Humana also sold 30,000-member health plan in Alabama. As part Humana’s restructuring, Humana recorded a $200 million pretax charge for the second quarter of 1996. This lead to net income for the year of 1996 only $12 million, compared to $190 million for the previous year. Jones, still serving as company chairman and CEO, forced out longtime president Wayne T. Smith and CFO W. Roger Drury. Gregory H. Wolf.
Humana began restructuring their image by improving relations with both doctors and patients. Humana targeted improvements in basic member customer service answering phone calls, mailing out Humana identification cards quickly, and expediting claims handling with automatic adjudication. Humana abandoned the use of gag clauses in HMO contracts with doctors, clauses that forbade doctors from discussing the financial arrangements or patient-care policies.
In September 1997 Humana two significant acquisitions Humana acquired Physician Corporation of America (PCA) for $290 million in cash and the assumption of $121 million in debt.
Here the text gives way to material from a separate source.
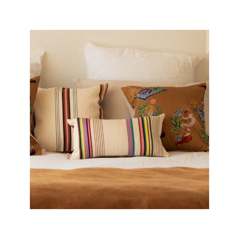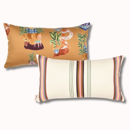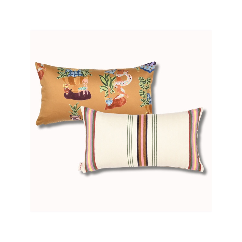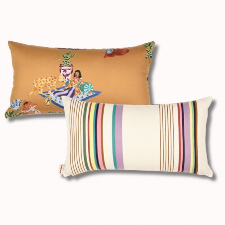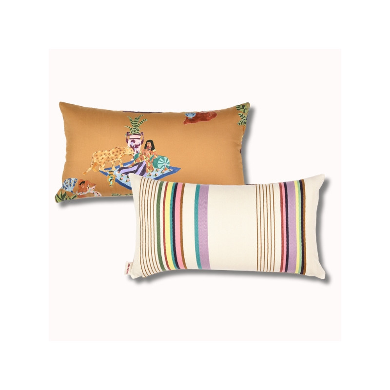 Le coussin biface 45 x 25 cm SORE / Paresse Méditerranéenne est une pièce décorative forte, née de la collaboration entre ARTIGA et THEVENON. Il associe deux univers textiles complémentaires pour créer un coussin élégant, expressif et résolument contemporain.

PCA had a total of 1.1 million members in its HMOs. Humana also gained large plans in Florida, Texas and Puerto Rico. In October 1997 Humana bought ChoiceCare Corporation for about $250 million in cash. ChoiceCare added about 250,000 additional Humana members.
1997 Humana sold its last remaining hospital and its pharmacy benefits management subsidiary.
In August 1997 Humana announced it would sell its Humana HMO in California.. After enjoying an acquisitions increase Humana revenues to $8.04 billion.